Man-made murk

Once the fog had lifted from the Latrobe Valley, the old Hazelwood Power Station near Morwell showed the true colour of its emissions — brown. Of course the real toxic output of such an outmoded technology — CO2 — is colourless, and all the more insidious for being invisible and thus unacted upon. Hazelwood produces 16 million tonnes of greenhouse gases each year — 15 per cent of Victoria’s total emissions.

It is also Australia’s largest single source of dioxin pollution.

Due to close in 2005,  its private owners asked, and were given permission, to keep pumping them out until 2031.

The brown sky trail edged around the valley for kilometres, still clearly visible beyond Traralgon where it seemed to bank up against the hills in what was, for a Hunter person, a more familiar milky pollution mist. It was not fog.

In the newer power stations like Loy Yang A and B, the only visible output is the water vapour from the cooling towers. Looks harmless, doesn’t it? Almost clean! But while the CO2 emitted is less than at Hazelwood, it is still more than our planet can stand.

Brown coal contains about 65 per cent water, and is 33 per cent dirtier than black coal as a CO2 emitter.

There is much research afoot into various ways of drying it and reducing emissions — but mostly only to as much as black coal. Not good enough!

A few scraps of fog hung in the mine void, but no dust. For local impact, brown coal mining is amazingly clean and tidy compared to our Hunter open cut black coal mines. Loy Yang uses big excavators and conveyor belts, all run on its own electricity — very little diesel machinery.

I was sorry to hear that Yallourn mine had not replaced its excavators, but went to diesel power.

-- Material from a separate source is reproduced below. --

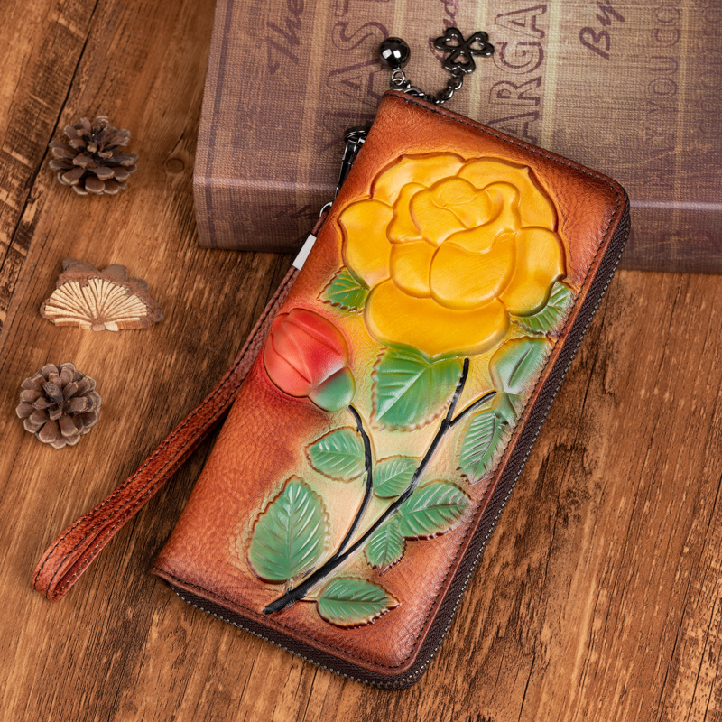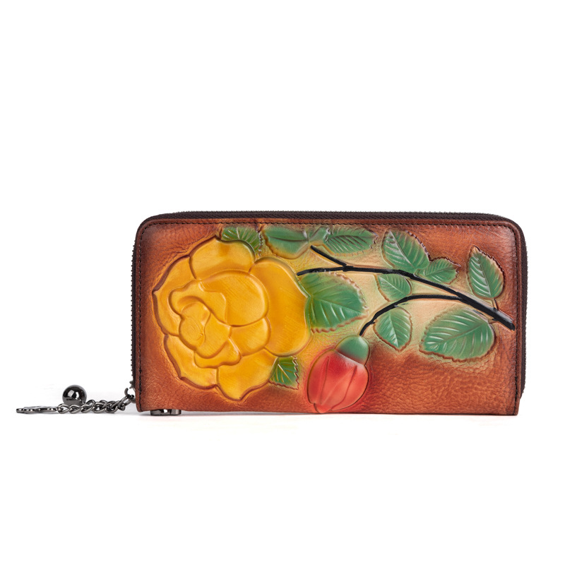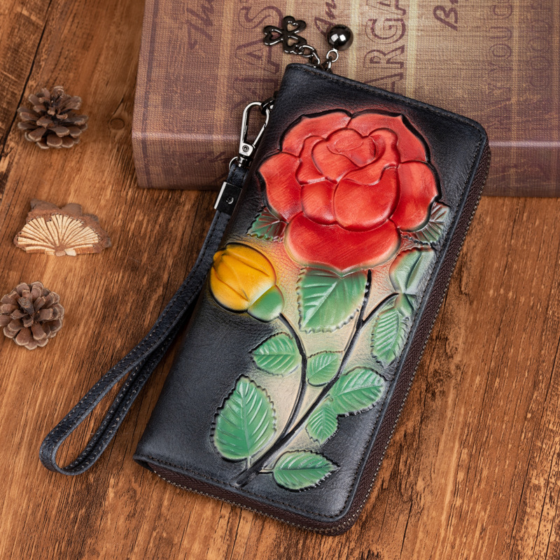 Chiếc ví nữ mới này có họa tiết hoa hồng được dập nổi tinh tế. Kiểu dáng dài vừa phải, kết hợp khóa kéo tiện lợi, giúp bạn dễ dàng sắp xếp và bảo vệ các vật dụng cá nhân. Thiết kế theo phong cách châu Âu hiện đại, phù hợp để cầm tay hoặc cho vào túi xách. Bạn có thể dùng để đựng tiền, thẻ và một số đồ dùng nhỏ hằng ngày. | Tên sản phẩm: Ví Bóp Cầm Tay Nữ Họa Tiết Hoa Phong Cách Âu Mỹ - Túi Ví Nữ | Mã sản phẩm: A5045 - Giá: 720.000đ | Mã nhà sản xuất: GUDI-G02Hình ảnh sản phẩm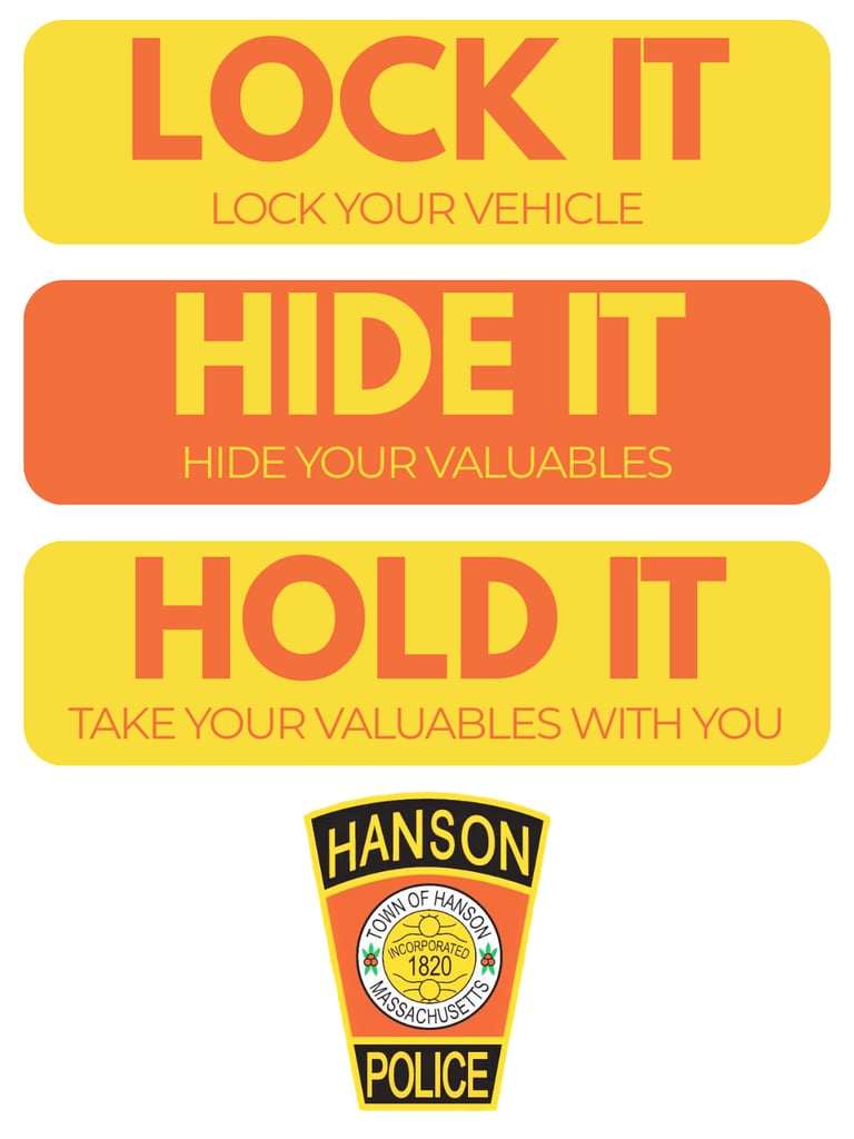 HANSON — Chief Michael Casey and the Hanson Police Department are reminding residents to lock their vehicles and secure belongings after a recent motor vehicle theft in town.

I thought of the infrasound impacts of that, as well as the fossil fuel consumption.

The brown coal is close to the surface so the amount of overburden removed is negligible – lower than the landscape level, no 200m high mountains of exposed dirt, as we have.

The Latrobe is proud of its brown coal and its power: they have lookouts and picnic areas, and detailed tours (by PowerWorks). I went down into the mine and right inside the station.

The Hunter has none of this; as I returned to its murk yesterday I was reminded why. They have nothing to be proud of.
Just look at the difference, at the air we are supposed to breathe without complaint.

Shame on you, every minister who has approved more mines and expansions.

Shame on you, Premier Keneally, for allowing these coal companies to do this to the people of the Hunter. Your easy revenue is not worth it; get creative, find another source.

Or talk to Dave Kerin in the Latrobe, as I did, where I was inspired by Eureka’s Future, an initiative of concerned Victorian unions who want to set up a co-operative solar hot water manufacturing enterprise to provide transition employment for Latrobe workers. And yet they aren’t getting the government funding they need to start up.

If they did, the Hazelwood workers could move across so they could close that dinosaur down.

A smart and visionary government would back Dave’s Eureka immediately. Shame on you, Premier Brumby, if you don’t. Maybe the fact that Victoria has privatised its power industry means that what’s best for the people and the planet comes last, after the profit imperative.

We urgently need such transition industries in the Hunter. 

2 thoughts on “Man-made murk”

  1. Couldn’t agree more Sandra re what is a resource to be valued. Sustainable ones, you’d think– but no. We need a drastic change of priorities.

  2. As coal companies buy up around Merriwa and there is government funded seismic testing for ‘resources’, I unfortunately do not see an end to it.